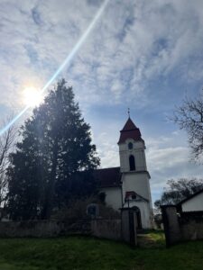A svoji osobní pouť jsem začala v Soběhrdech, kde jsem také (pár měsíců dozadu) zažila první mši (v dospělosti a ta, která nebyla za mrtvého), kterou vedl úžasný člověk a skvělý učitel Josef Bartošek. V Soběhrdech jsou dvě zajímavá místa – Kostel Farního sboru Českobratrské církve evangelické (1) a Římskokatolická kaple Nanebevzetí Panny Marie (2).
★ ★ ★ ★ ★
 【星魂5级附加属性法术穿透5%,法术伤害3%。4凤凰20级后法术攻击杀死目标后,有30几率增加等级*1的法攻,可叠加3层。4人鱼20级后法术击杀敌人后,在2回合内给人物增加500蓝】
★ ★ ★ ★ ★
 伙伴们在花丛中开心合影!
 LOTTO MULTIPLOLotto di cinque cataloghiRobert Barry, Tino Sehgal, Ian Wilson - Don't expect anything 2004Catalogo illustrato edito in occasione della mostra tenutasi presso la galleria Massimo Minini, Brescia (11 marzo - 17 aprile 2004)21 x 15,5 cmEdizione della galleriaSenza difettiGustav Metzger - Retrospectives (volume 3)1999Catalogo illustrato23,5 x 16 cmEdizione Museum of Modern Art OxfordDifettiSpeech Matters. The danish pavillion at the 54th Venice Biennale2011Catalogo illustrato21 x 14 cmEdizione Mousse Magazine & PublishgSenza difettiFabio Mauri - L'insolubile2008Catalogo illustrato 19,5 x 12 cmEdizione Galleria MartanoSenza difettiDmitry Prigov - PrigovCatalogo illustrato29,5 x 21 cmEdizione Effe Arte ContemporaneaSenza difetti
★ ★ ★ ★ ★
Instructions to follow:
Of the lines above, output exactly those from the line bearing "伙伴们在花丛中开心合影!" through the line bearing "LOTTO MULTIPLOLotto di", inclusive.

Result of this task:
 伙伴们在花丛中开心合影!
 LOTTO MULTIPLOLotto di cinque cataloghiRobert Barry, Tino Sehgal, Ian Wilson - Don't expect anything 2004Catalogo illustrato edito in occasione della mostra tenutasi presso la galleria Massimo Minini, Brescia (11 marzo - 17 aprile 2004)21 x 15,5 cmEdizione della galleriaSenza difettiGustav Metzger - Retrospectives (volume 3)1999Catalogo illustrato23,5 x 16 cmEdizione Museum of Modern Art OxfordDifettiSpeech Matters. The danish pavillion at the 54th Venice Biennale2011Catalogo illustrato21 x 14 cmEdizione Mousse Magazine & PublishgSenza difettiFabio Mauri - L'insolubile2008Catalogo illustrato 19,5 x 12 cmEdizione Galleria MartanoSenza difettiDmitry Prigov - PrigovCatalogo illustrato29,5 x 21 cmEdizione Effe Arte ContemporaneaSenza difetti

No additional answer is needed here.